Thereafter, the Company shall have no further obligations to Executive except as otherwise
expressly provided under this Agreement. In addition, all stock options held by Executive as of the
Date of Termination shall cease to vest as of the Date of Termination and Executive shall have 30
days from the Date of Termination or the remaining option term, if earlier, to exercise all such
vested stock options. All other stock-based grants and awards held by Executive shall be canceled
upon the Termination Date in accordance with their terms.
(f) Nothing contained in the foregoing Subparagraphs 7(a) through 7(e) shall be construed so
as to affect Executive’s rights or the Company’s obligations relating to agreements or benefits
that are unrelated to termination of employment.
8. Change in Control and Transfer of Business Benefit.
(a) Change in Control.
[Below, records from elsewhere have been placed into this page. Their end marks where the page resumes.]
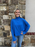 Elevate your wardrobe with this royal blue turtleneck sweater featuring elegant button details along the sleeves. Crafted for both style and comfort, its soft knit fabric keeps you warm while the vibrant blue hue adds a bold touch to any outfit. Perfect for layering or wearing alone, this sweater offers a refined look that transitions effortlessly from casual days to polished evenings.
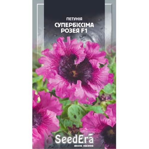 Петунія Супербіссіма Розе F1-гібрид з виключно великими квітками діаметром до 16 см, краю квітки фестончатие. Відтінки від рожевого на пелюстках до майже чорного в середині. Стійка до прохолодної погоди.
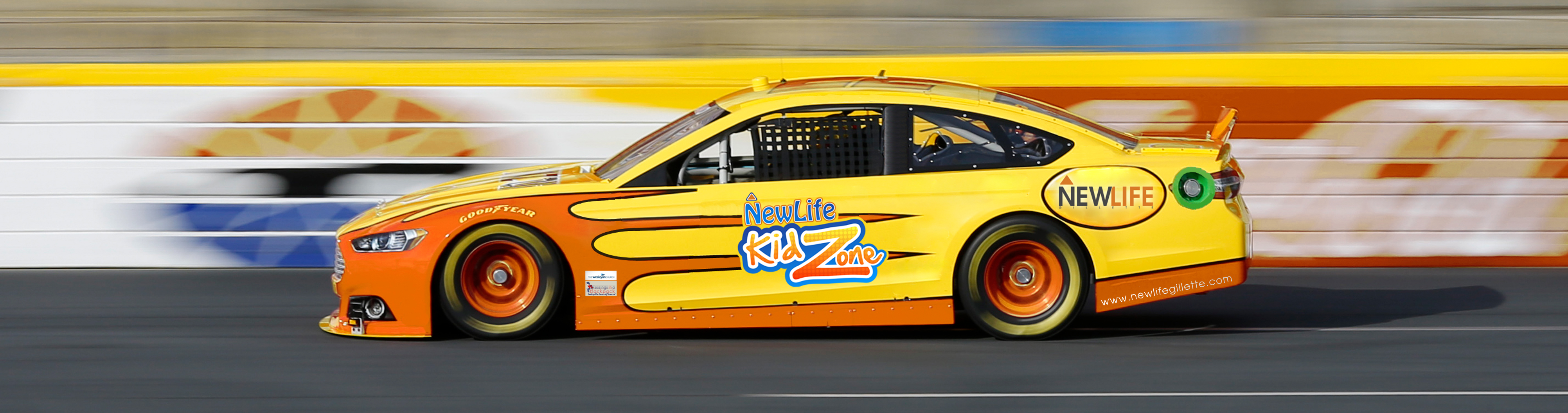 Our church has a room in our children's area (KidZone) that has a nascar theme. We are wanting to order a large custom made graphic (wallpaper style) to cover the focal wall in the room. We are looking at ordering from http://www.megaprint.com/. I have enough photoshop experience that I was able to make an example of what I'm looking for, but it is too small and poor quality. I've attached a picture of the wall (file 7) and the image that I made (file 4). The final print will be 304" by 88" so this will take a very large image. We would like the image to have a nascar theme and include our KidZone logo. The idea we've been working with is a nascar car with some of our church branding as the sponsors on the car with the main sponsor being our children's ministry (KidZone). I'm also attaching some of our logos. Our church often uses orange and grey as our branding colors. (Grey - Pantone solid coated 446 C and Orange - Pantone solid coated 7413 C) Our children's ministry uses "hobo std" for a primary font, and our church uses "avantgreek" for a primary font. With all this said, I am open to other ideas for the wall. If you have an idea of what we should put on it, I am very open to suggestions.
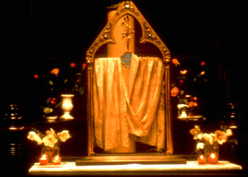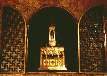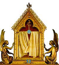 Elle avait été envoyée par Irène, impératrice de Byzance, à Charlemagne. La présence de ce voile à Constantinople est déjà évoquée au Vème siècle. Une étude scientifique contemporaine a permis d'établir que cette pièce est d'origine syrienne et peut remonter au Ier siècle. Dans ce voile, il faut surtout voir un signe du mystère de l'incarnation : Dieu venu parmi les hommes, épousant notre condition humaine.
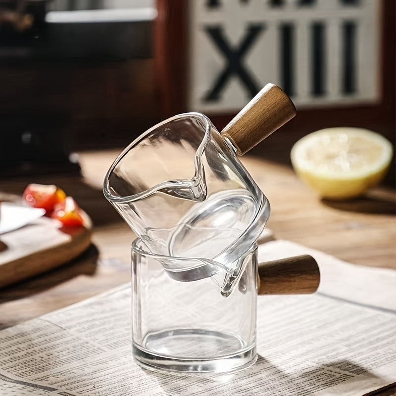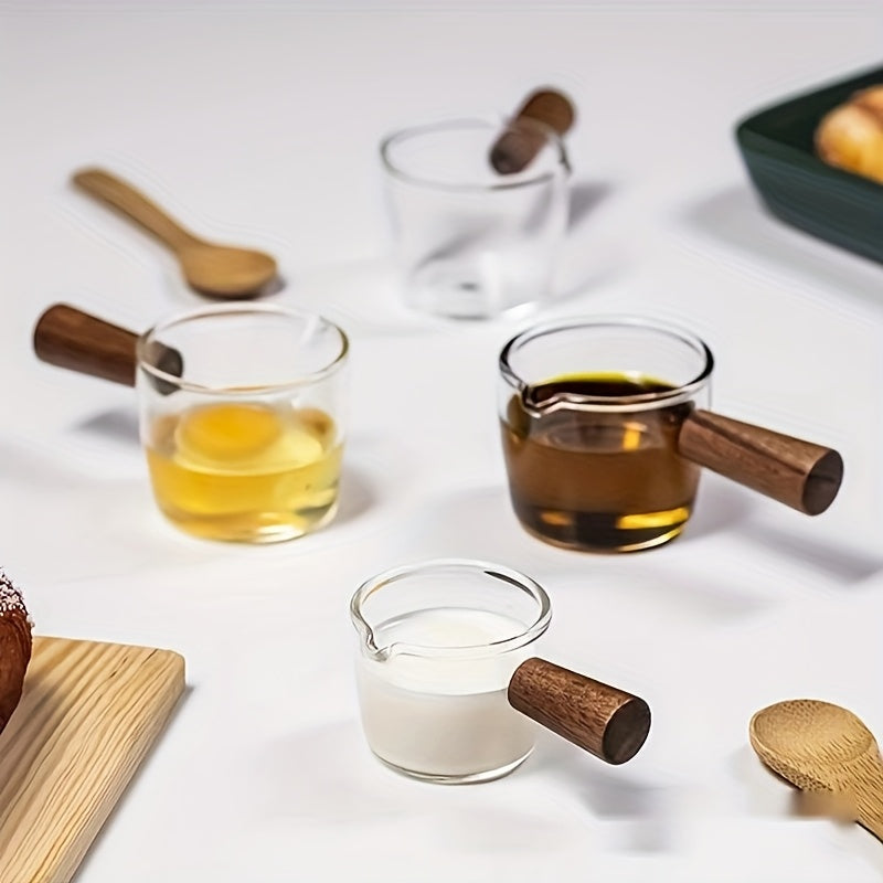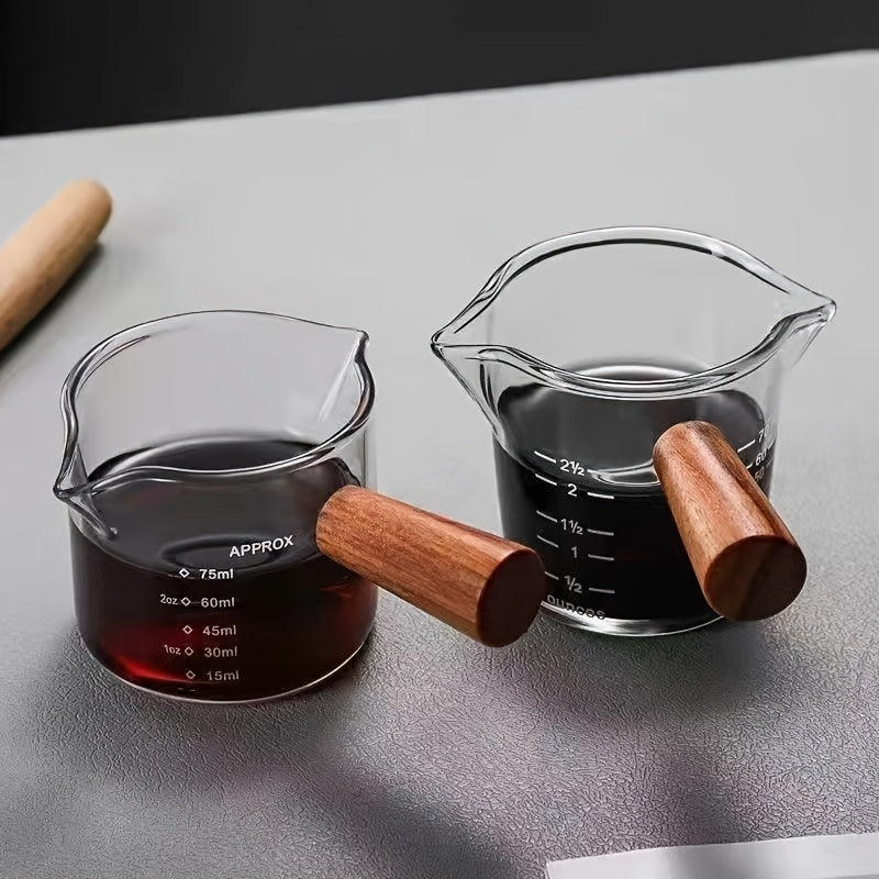Shisha va yog'ochdan yasalgan to'rt mini sut stakanlari, har biri 3.38oz sig'imga ega. Uyda yoki ofisda qahva kremi o'lchash uchun ideal, bu stakanlar qulay foydalanish uchun tutqichlar bilan birga keladi.
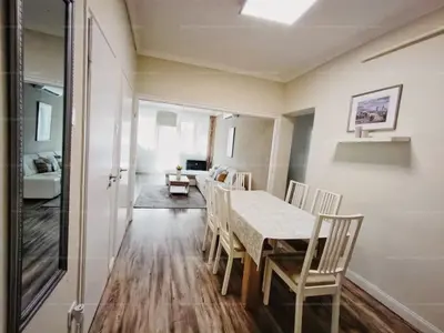 A lakás világos, jól tagolt és kifejezetten praktikus elrendezésű. Három különnyíló szoba mellett nagyméretű nappali, elkülönített konyha, étkező, spájz, gardrób és kiszolgáló helyiségek szolgálják a kényelmet. A hőszigetelt üvegezésű nyílászárók redőnnyel és szúnyoghálóval el vannak látva, a fedett teraszon pedig kipattantható árnyékoló gondoskodik a kellemes használatról. Fűtés gázkonvektorral megoldott, a nappaliban erős hűtő fűtő klíma nyújtja a komfortot. A árból része a konyhabútor, a gardrób, illetve a beépített mosogatógép.
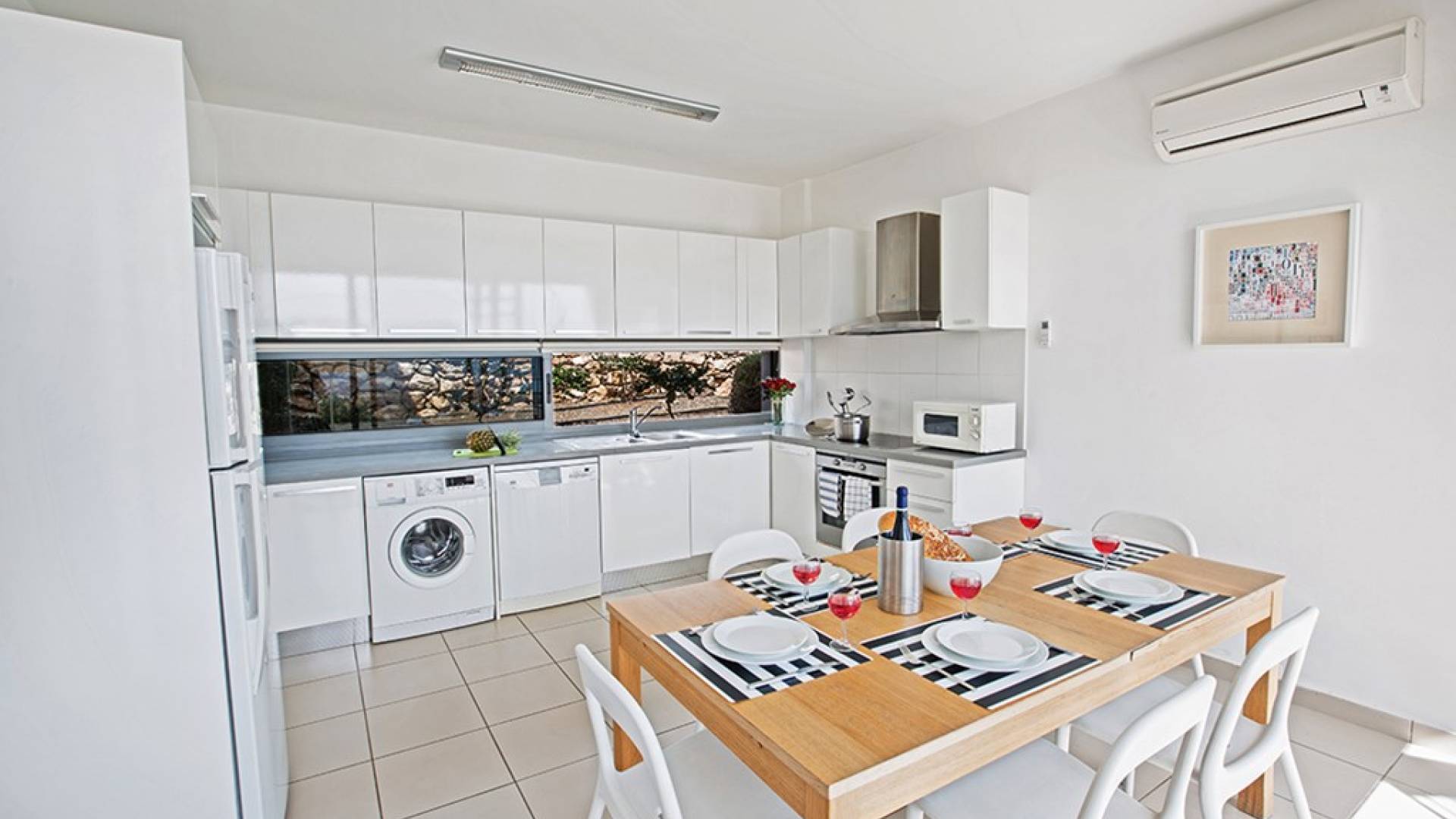 Downstairs, the villa features an open-plan living area that enjoys spectacular sea views along with soft furnishings, a satellite TV, a DVD player, and an open fireplace. The dining area seats 6 and the contemporary kitchen features all main appliances needed for a comfortable self-catering stay. A double bedroom and separate bathroom with shower and bathtub are also located on the ground floor.

Upon a Change of Control of the Company the following
provisions shall apply in lieu of, and expressly supersede, the provisions of Subparagraph 7(d).
(i) In the event that within 12 months following a Change of Control, the Executive
terminates his employment for Good Reason or if the Executive’s employment is terminated by
the Company without Cause and subject to the Executive’s entry into a Release, the Company
shall pay Executive an amount equal to 1.5 times the sum of (A) Executive’s Base Salary and
(B) the Executive’s cash bonus or other variable cash compensation (including commissions)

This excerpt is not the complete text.